AVAILABLE RECORDS section start

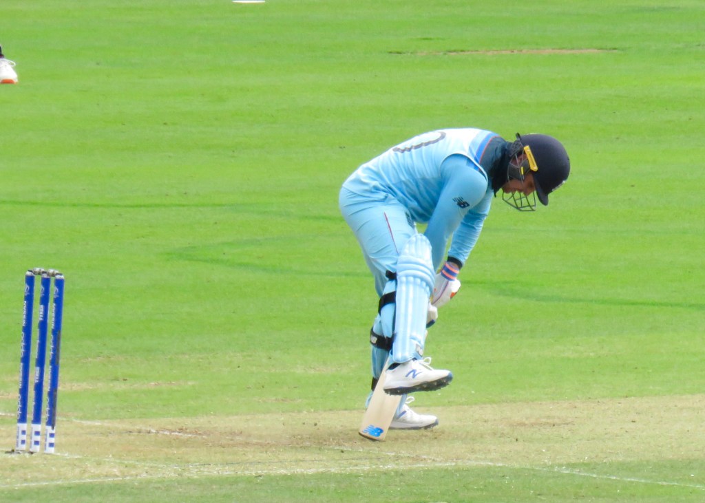 England’s innings started with Jason Roy surviving an LBW call, from the bowling of Trent Boult, the umpire said no, the DRS said umpires call. Phew!
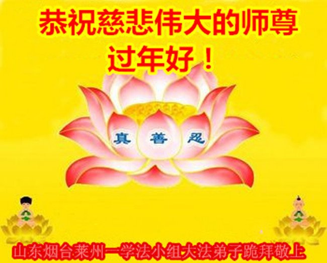 山东烟台莱州一学法小组大法弟子恭祝慈悲伟大的师尊过年好!
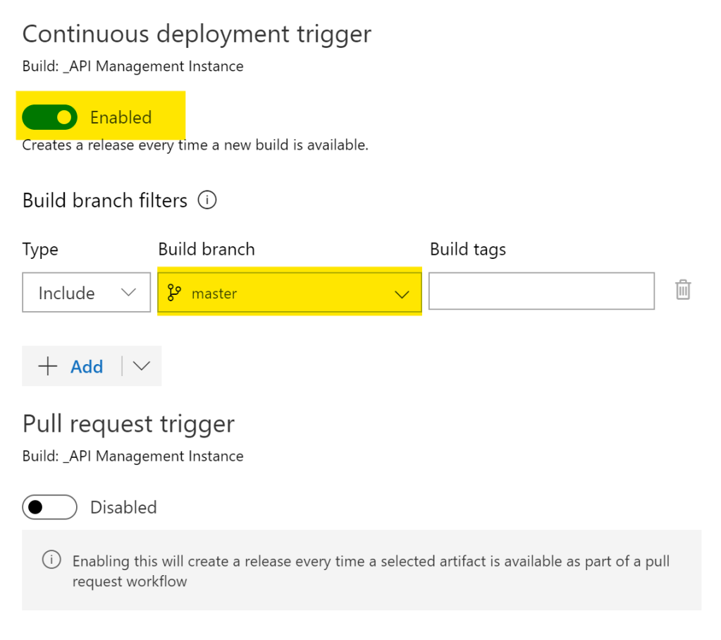 Continuous deployment triggerを有効にする。今回、ビルドブランチフィルターはmasterを選択している。Pull request triggerは無効のままでOK。
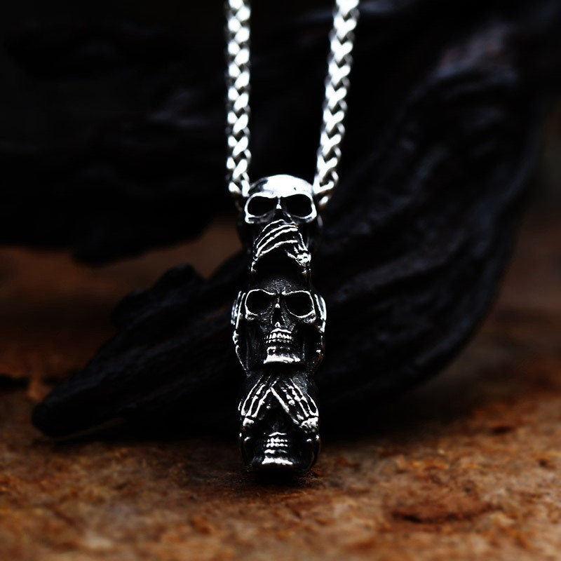 See No Evil Speak No Evil Skulls Pendant Necklace
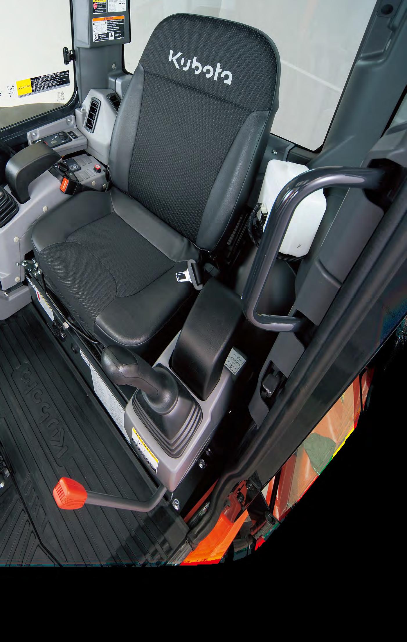 Kubota’s high back suspension seat has been designed for maximum operator comfort and to minimize fatigue during extended machine operation. The deluxe reclining seat offers weight compensation, firm adjustable wrist support and retractable seat belts.
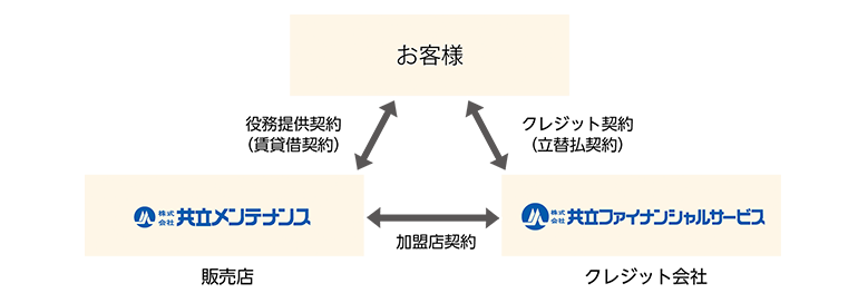 契約成立後、分割払いの初回支払い時に「館費分割払い制度支払表」と「契約に関する注意事項」を㈱共立ファイナンシャルサービスよりお送りします。
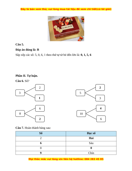 Câu 5. Sắp xếp các số: 5, 0, 6, 1 theo thứ tự từ bé đến lớn là: A. 6, 5, 1, 0 B. 0, 1, 5, 6 C. 1, 0, 5, 6 D. 5, 6, 0, 1

AVAILABLE RECORDS section end

YOUR INSTRUCTIONS: Find the line that contains "Kubota’s high back". Reproduce it and every later line of the records exactly, minus the pictures.

RESPONSE FOR THIS EXERCISE:
 Kubota’s high back suspension seat has been designed for maximum operator comfort and to minimize fatigue during extended machine operation. The deluxe reclining seat offers weight compensation, firm adjustable wrist support and retractable seat belts.
 契約成立後、分割払いの初回支払い時に「館費分割払い制度支払表」と「契約に関する注意事項」を㈱共立ファイナンシャルサービスよりお送りします。
 Câu 5. Sắp xếp các số: 5, 0, 6, 1 theo thứ tự từ bé đến lớn là: A. 6, 5, 1, 0 B. 0, 1, 5, 6 C. 1, 0, 5, 6 D. 5, 6, 0, 1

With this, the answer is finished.